-- Data to use --
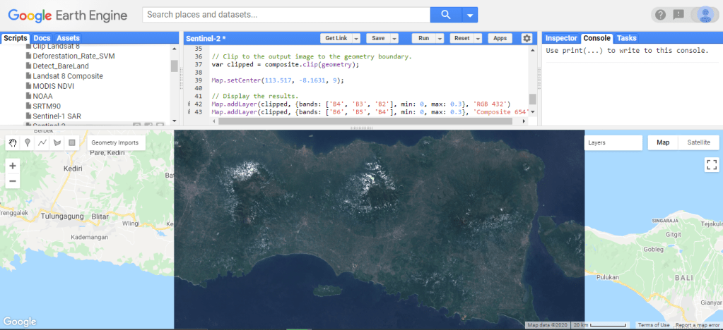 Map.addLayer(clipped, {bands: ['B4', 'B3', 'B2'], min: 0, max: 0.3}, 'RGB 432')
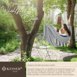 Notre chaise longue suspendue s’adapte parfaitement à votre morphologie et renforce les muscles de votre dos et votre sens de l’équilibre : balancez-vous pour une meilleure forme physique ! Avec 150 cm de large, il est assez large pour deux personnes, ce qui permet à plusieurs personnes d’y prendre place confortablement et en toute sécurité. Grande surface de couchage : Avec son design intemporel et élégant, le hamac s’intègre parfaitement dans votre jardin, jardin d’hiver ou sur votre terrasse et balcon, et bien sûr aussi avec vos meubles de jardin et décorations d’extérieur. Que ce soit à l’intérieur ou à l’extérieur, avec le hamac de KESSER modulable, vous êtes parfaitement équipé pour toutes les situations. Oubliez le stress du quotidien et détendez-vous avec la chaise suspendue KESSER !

--

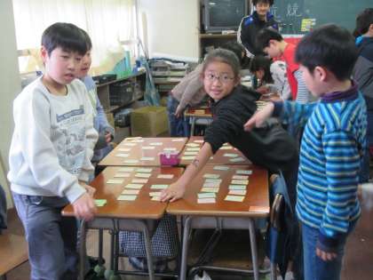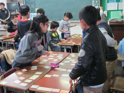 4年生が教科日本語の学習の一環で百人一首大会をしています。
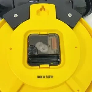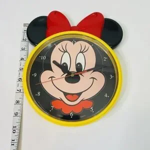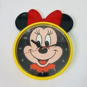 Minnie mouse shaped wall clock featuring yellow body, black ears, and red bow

* * *

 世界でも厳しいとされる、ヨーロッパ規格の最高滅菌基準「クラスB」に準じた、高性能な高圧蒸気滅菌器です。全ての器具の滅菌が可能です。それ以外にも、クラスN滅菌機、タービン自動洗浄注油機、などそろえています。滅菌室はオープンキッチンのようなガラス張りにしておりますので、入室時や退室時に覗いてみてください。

-- Directions --
From the records above, transcribe only the stretch from the line with "4年生が教科日本語の学習の一環で百人一首大会をしています。" through the line with "Minnie mouse shaped", keeping both ends. Omit pictures.

-- Problem solution --
 4年生が教科日本語の学習の一環で百人一首大会をしています。
 Minnie mouse shaped wall clock featuring yellow body, black ears, and red bow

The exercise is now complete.